_Information supplied_
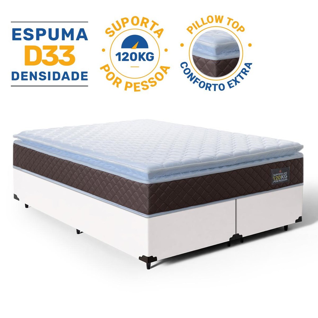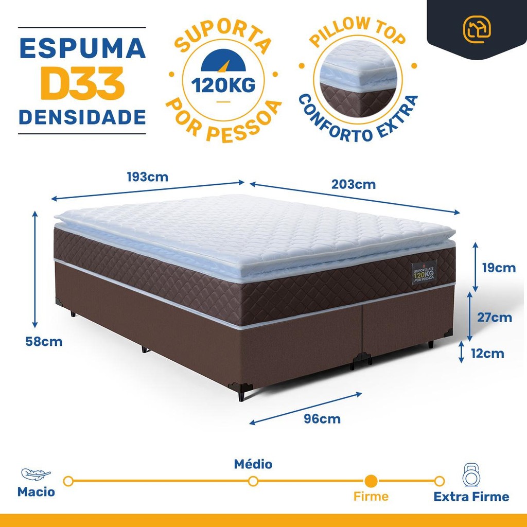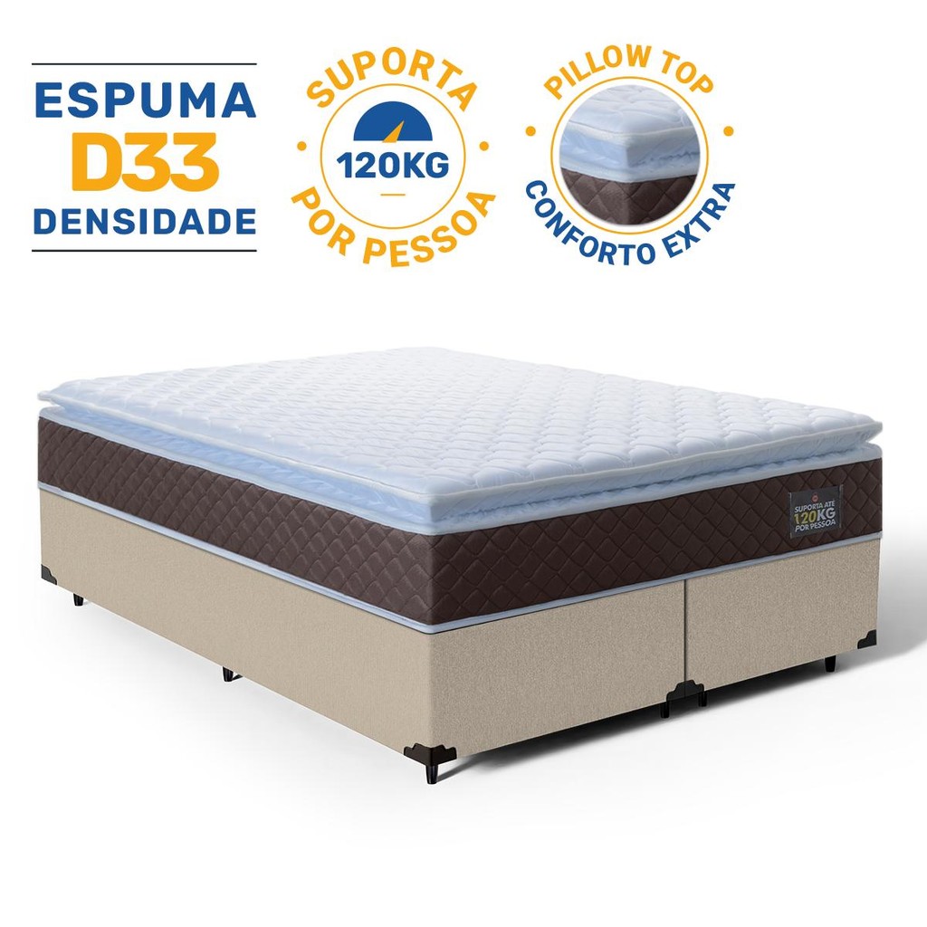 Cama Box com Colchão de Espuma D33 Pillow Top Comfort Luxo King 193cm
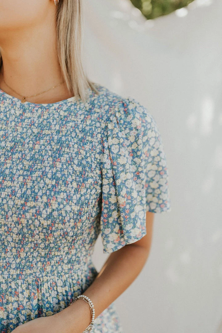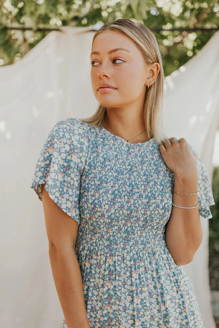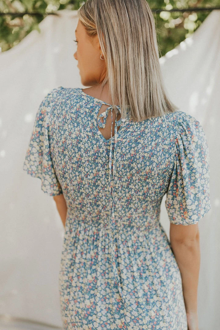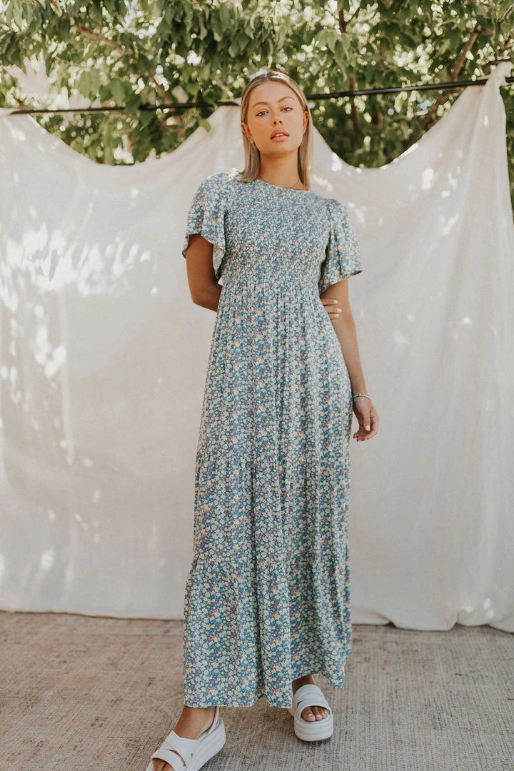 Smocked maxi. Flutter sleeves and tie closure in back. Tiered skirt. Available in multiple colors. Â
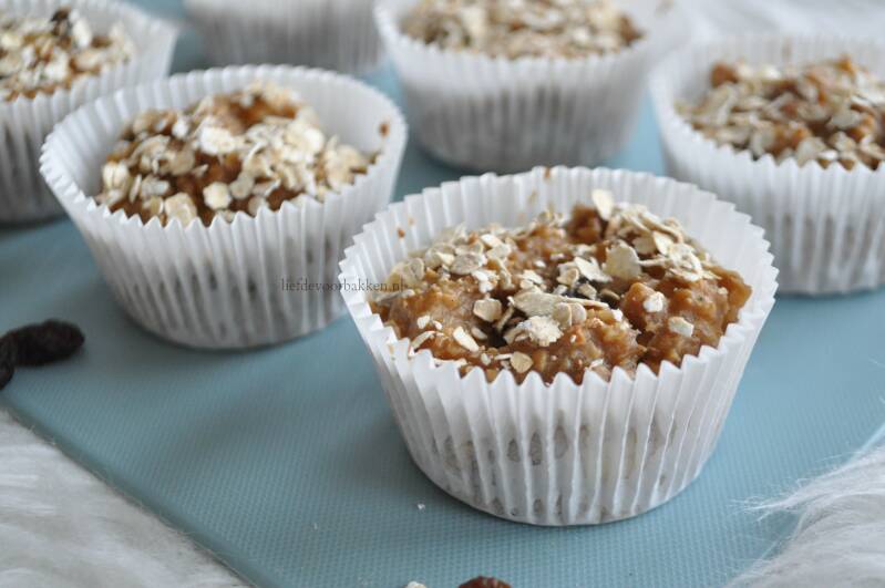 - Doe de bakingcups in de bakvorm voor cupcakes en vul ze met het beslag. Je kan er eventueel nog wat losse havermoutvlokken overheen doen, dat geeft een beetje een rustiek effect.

_Exercise_
With the pictures left out, transcribe the material exactly.

_Exercise answer_
 Cama Box com Colchão de Espuma D33 Pillow Top Comfort Luxo King 193cm
 Smocked maxi. Flutter sleeves and tie closure in back. Tiered skirt. Available in multiple colors. Â
 - Doe de bakingcups in de bakvorm voor cupcakes en vul ze met het beslag. Je kan er eventueel nog wat losse havermoutvlokken overheen doen, dat geeft een beetje een rustiek effect.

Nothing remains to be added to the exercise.